Möge er in Frieden ruhen oder/und (mag) sein Gedenken ein Segen sein
Jüdische und katholische Prägungen in der Trauerarbeit über die Verschwundenen in Argentinien
Als Einwandererland ist Argentinien von verschiedenen religiösen und kulturellen Traditionen geprägt. Besonders die katholische Kirche hat einen starken Einfluss, gleichzeitig beherbergt das Land auch eine der größten jüdischen Gemeinden weltweit. Elemente aus beiden Religionen sind in de(n) argentinischen Alltagskulturen zu finden.
Diese Traditionen unterscheiden sich u.a. in ihrer Konzeption des Todes bzw. in den Begräbnisritualen sowie in den Formen der Trauerarbeit und der Gedächtnispolitiken. Mit den schmerzhaften und schwierigen Herausforderungen, die die Geschichte der Desaparecidos verursachten haben verschiedene Personen und Organisationen unterschiedliche Strategien und Diskurse entwickelt, um mit dieser offenen Wunde umzugehen. Meine These ist, dass in diesen Strategien Spuren beider religiöser Systeme zu finden sind: ob die Trauerarbeit so bald wie möglich abgeschlossen werden oder ob sie lieber offen bleiben sollte, ob es wichtig wäre persönliche Biographien zu rekonstruieren oder die Desaparecidos eher als Gruppe zu erinnern, ob die sterblichen Überreste gesucht und einzeln begraben werden sollten oder eher nicht, ob die Verschwundenen durch Bilder und ihre Geschichte als Martyrium dargestellt werden sollte – diese Fragen und Debatten beschäftigen die postdiktatoriale Gesellschaft bis heute.

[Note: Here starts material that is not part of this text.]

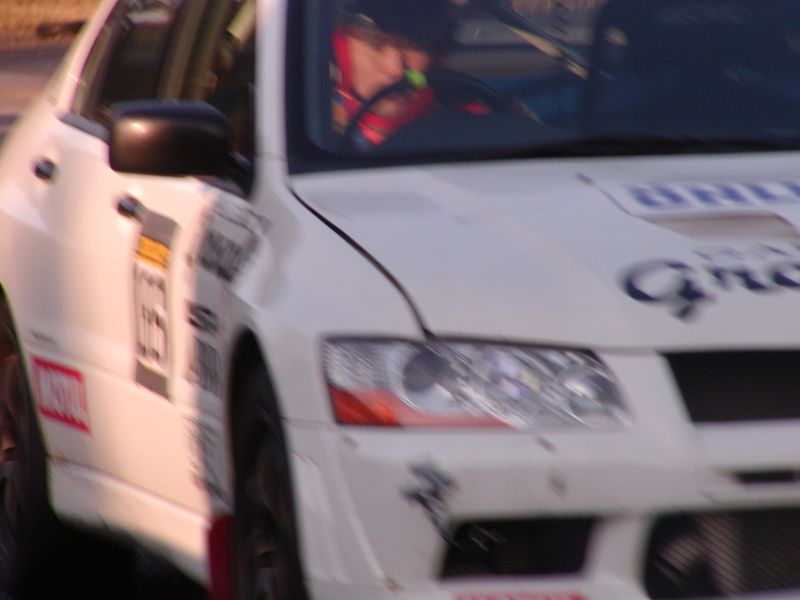 平野車は縁石に乗り上げ横転。しかし午後は元気にまた走っていました。

Meine Arbeit versucht, den Spuren der verschiedenen Traditionen und Geschichten in diesen Debatten und Praktiken nachzugehen, nicht nur in ihrem religiösen Inhalt, sondern auch in der immer häufiger verwendeten Inkorporation der Shoah als Deutungshorizont der Toten ohne Grab. Für die argentinische Kultur bewirken diese verschiedenen Traditionen sowohl Spannung und Konflikte als auch originelle Formen der Erinnerungskulturen und Antworten für eine gemeinsame Zukunft, die der Toten auf verschiedene Weise zu gedenken versucht.